**DIRECTIONS:**
Copy word for word the lines of the records below, beginning at the one with "Como si fuera" and finishing at the one with "Giraffe Watercolor in", ends included, but none of the pictures.

**DATA RECORDS:**

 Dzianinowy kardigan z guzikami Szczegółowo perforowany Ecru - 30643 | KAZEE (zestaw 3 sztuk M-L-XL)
--
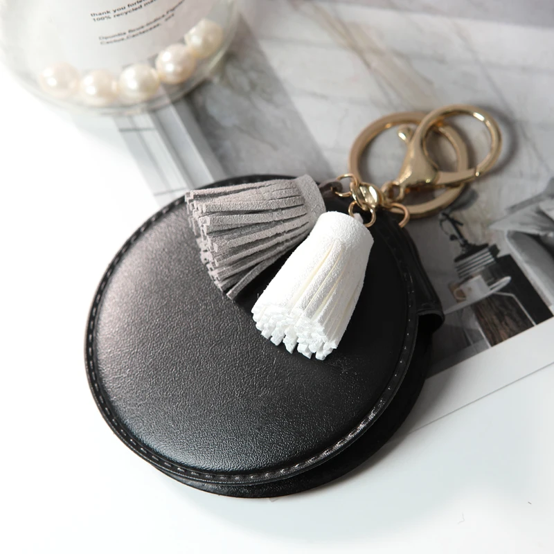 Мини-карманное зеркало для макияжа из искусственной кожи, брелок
==
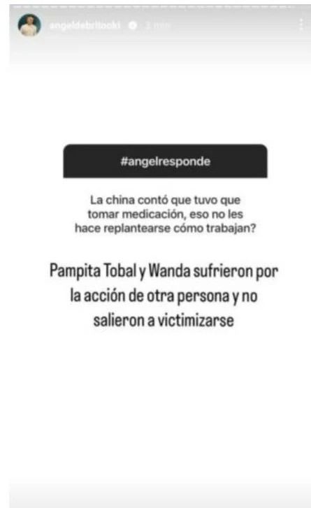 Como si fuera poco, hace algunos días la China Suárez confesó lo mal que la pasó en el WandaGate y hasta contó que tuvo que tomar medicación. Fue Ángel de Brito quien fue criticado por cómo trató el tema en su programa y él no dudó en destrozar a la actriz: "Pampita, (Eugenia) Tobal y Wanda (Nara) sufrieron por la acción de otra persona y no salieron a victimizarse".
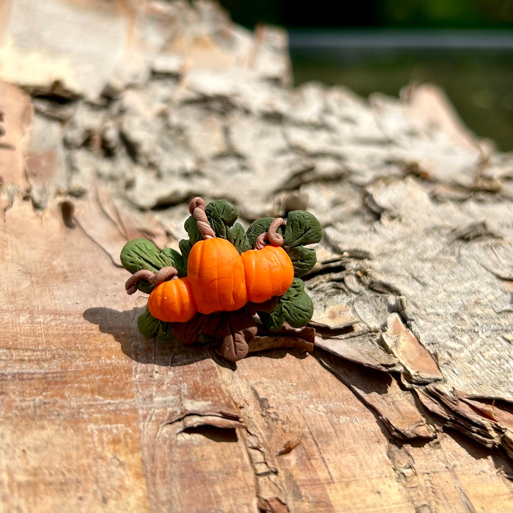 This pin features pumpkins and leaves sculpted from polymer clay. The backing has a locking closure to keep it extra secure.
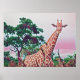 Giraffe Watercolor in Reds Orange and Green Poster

**RESULT OF THIS TASK:**
 Como si fuera poco, hace algunos días la China Suárez confesó lo mal que la pasó en el WandaGate y hasta contó que tuvo que tomar medicación. Fue Ángel de Brito quien fue criticado por cómo trató el tema en su programa y él no dudó en destrozar a la actriz: "Pampita, (Eugenia) Tobal y Wanda (Nara) sufrieron por la acción de otra persona y no salieron a victimizarse".
 This pin features pumpkins and leaves sculpted from polymer clay. The backing has a locking closure to keep it extra secure.
 Giraffe Watercolor in Reds Orange and Green Poster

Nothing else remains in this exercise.